~8 tok/sec with ~5k context on vLLM with Flash Attention and `kv_cache_dtype="fp8"` on 3090TI 24GB VRAM
The AQLM format seems quite promising to fit that sweet sweet Q8_0
performance onto a home desktop rig. Still experimenting and setup a demo repo that might help folks get something up and running quickly (possibly on Windows with Docker [untested still]) https://github.com/ubergarm/vLLM-inference-AQLM/
Is there a .json
file available to feed vLLM
for the quantization_param_path="somefile.json"
? Not exactly sure if it would help, but experimenting with setting kv_cache_dtype="fp8"
seems to fit a little more context before OOMing...
Will be interesting to see the adoption of AQLM and what models with larger base contexts are quantized in the near future given the fairly hefty quantization demands.
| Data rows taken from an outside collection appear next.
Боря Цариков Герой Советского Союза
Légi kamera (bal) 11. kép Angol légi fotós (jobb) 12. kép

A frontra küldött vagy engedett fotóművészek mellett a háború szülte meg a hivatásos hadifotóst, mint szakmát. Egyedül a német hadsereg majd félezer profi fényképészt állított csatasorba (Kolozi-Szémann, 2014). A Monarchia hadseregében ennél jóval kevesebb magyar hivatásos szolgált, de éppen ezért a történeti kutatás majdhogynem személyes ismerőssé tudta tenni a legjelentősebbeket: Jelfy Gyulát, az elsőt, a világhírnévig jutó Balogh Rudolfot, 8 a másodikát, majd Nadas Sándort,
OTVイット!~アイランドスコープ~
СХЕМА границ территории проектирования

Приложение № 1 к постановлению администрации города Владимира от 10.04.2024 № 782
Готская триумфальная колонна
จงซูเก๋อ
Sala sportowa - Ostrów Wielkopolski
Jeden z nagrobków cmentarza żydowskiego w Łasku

Exciting stuff! Thanks for sharing!
The quantization params are in config.json
right here and both transformers
and vLLM
support it out of the box without any additional configs.
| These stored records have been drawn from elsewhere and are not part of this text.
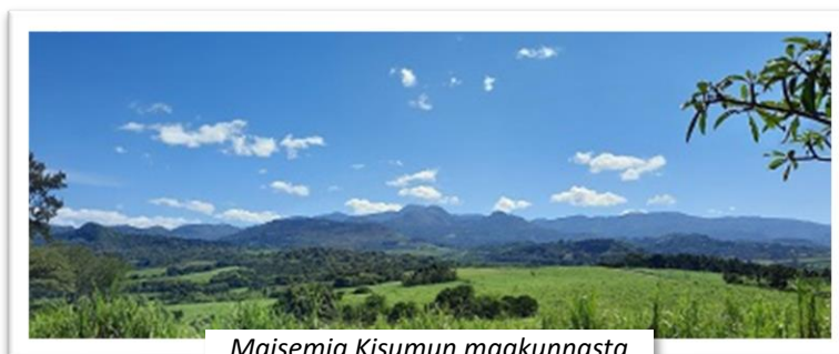
Maisemia Kisumun maakunnasta

Parhaillaan Matongossa on käynnissä koeviikko, joka päättää yli kesän jatkuneen lukukauden. Tämän jälkeen on vuorossa kahden viikon loma ennen seuraavan lukuvuoden alkua. Itselläni ei ole tässä vaiheessa lomaa, vaan keskityn viimeistelemään tulevien kurssien sisältöä sekä hoitamaan muita töitä.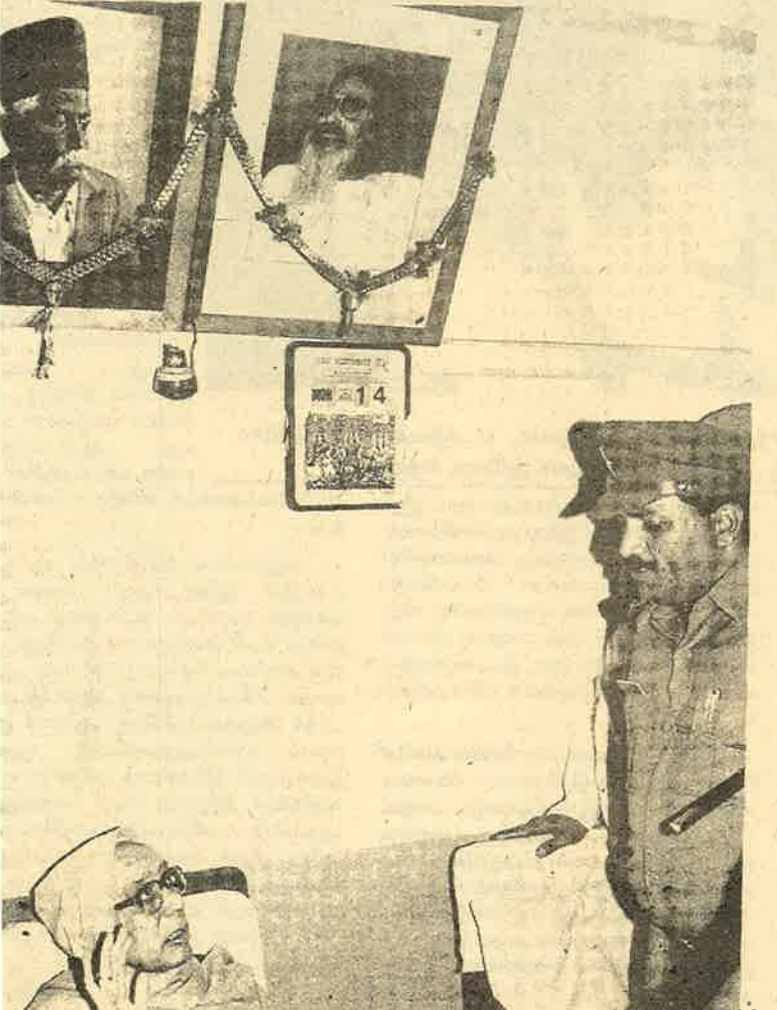
யாளவுக்கே தடை செய்யப்பட்ட ஆர்.எஸ்.எஸ். தலைவர் தேவரசிடம் பணிவாக அரசு ஆணையை ஒப்படைக்கிறது போலீசு.

மேற்கண்ட துணை அமைப்புகள், துறைப் பணிகள் மூலமும் பூசாரிகளின் ஒரு வலைப் பின்னலையும், தனது கட்டுப்பாட் டில் கோவில்களைக் கொண்டு வருவது, தானே கோவில்களை நிர்மாணிப்பதன் மூலமும் ஒரு பொதுவான கடவுளர்கள், சடங்குகள், திருவிழாக்களை ஏற்படுத்தி முஸ்லீம்களுக்கெதிராகப் போரிட்டு, இந்து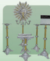
Conjunto nº 3 Luxo Dourado 6 peças (Ref. 520)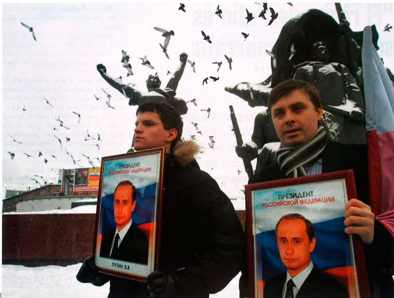
Dos activistes de l'oposició al president Putin van participar, el 17 de novembre a Moscou, en l'acte anomenat "Treu els retrats de Putin de les parets", per protestar pel culte a la personalitat del president que envaeix Rússia.

We have put out small demo for vLLM. The link is in the GitHub repo readme. From my own tests, context up to 3000 tokens (without fp8) works with this model on RTX3090.
llm = LLM(
model="ISTA-DASLab/Meta-Llama-3-70B-Instruct-AQLM-2Bit-1x16",
enforce_eager=True,
gpu_memory_utilization=0.99,
max_model_len=3000,
)
Ahh thanks for pointing that out. Yes, I got your small demo working locally with 5k context using "fp8" just for testing, but likely won't bother for actual use:
WARNING 05-06 22:48:50 model_runner.py:211] KV cache scaling factors provided, but the KV cache data type is not FP8. KV cache scaling factors will not be used.
Looking into the evaluation stuff now, thanks for releasing this models in this interesting AQLM quant!